Ah, it is, eh? Well er shall
not we see the keeper, too? I do not find him
about and I should much like to speak with him.
Where is he?”
“Who the keeper?”
said Narkom. “Blest if I know. Is he
about, my lads?”
“No, sir. Ain’t been
about has he, Petrie? for the
Lord knows how long. Never thought of the beggar
until this moment, sir.”
“Nor did I,” said Narkom.
“Come to think of it, I haven’t seen the
fellow since we came to the ‘Y’ of the
road and found those footprints leading here.

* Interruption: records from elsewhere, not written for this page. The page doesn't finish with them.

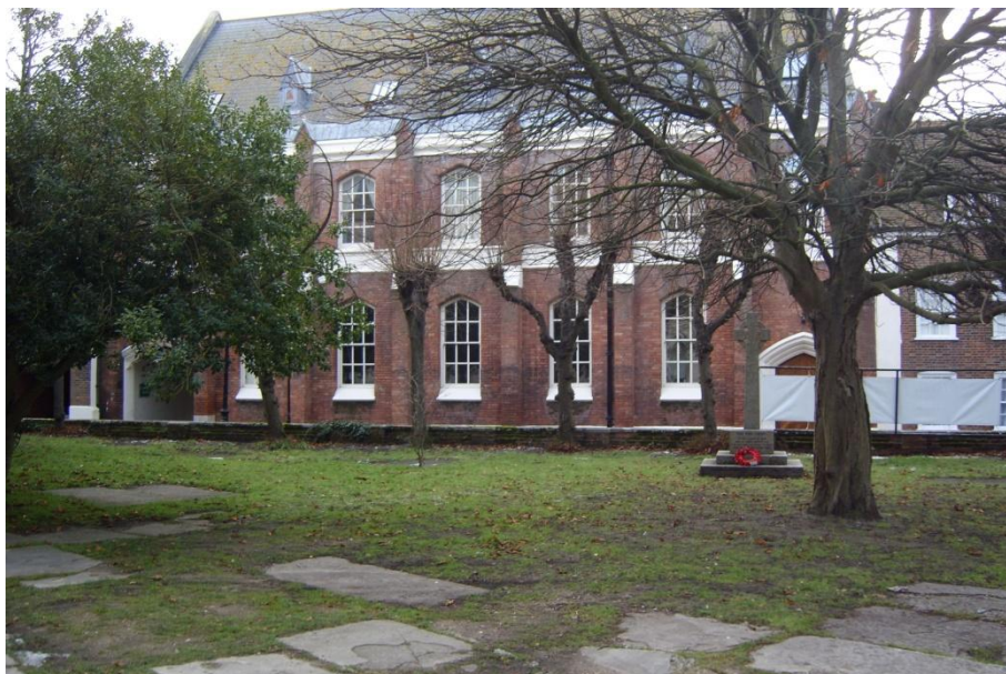
The Church Centre viewed from the Churchyard
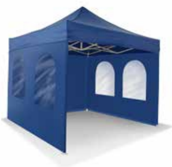
3 x 3 m
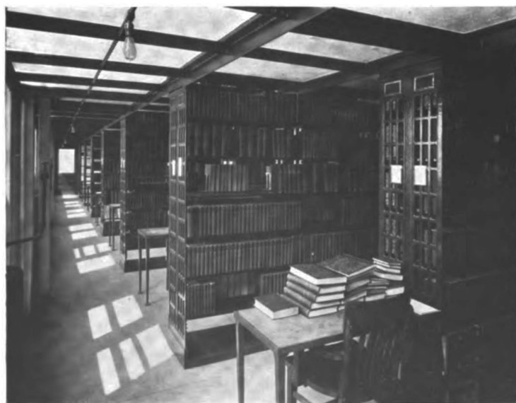
STACK ROOM OF THE LIBRARY

No doubt he has gone back to his shelter on the Common
and Monsieur! Why are you
smiling? Good God! you I
Monsieur, shall I send my men for the fellow?
Do you want to see him?”
“Yes, Monsieur Narkom, I want
to see him very, very much indeed if you
can find him! But you can’t, monsieur; and
I fear me that you never will. What you will
find, however, if you will send your men to the shelter
of which you speak will be the real keeper,
either dead or stunned or gagged, and his coat and
hat and badge removed from his body by the man who
personated him.”
“Good heavens above, man, you don’t mean
to say ”
“That you had the real criminal
in your hands and let him go, that you talked with
him, walked with him, were taken in by him, and that
he told you no lie when he said the assassin really
did run into the arch,” replied Cleek
quietly. “It is the old old trick of that
fellow who was called the ‘Vanishing Cracksman,’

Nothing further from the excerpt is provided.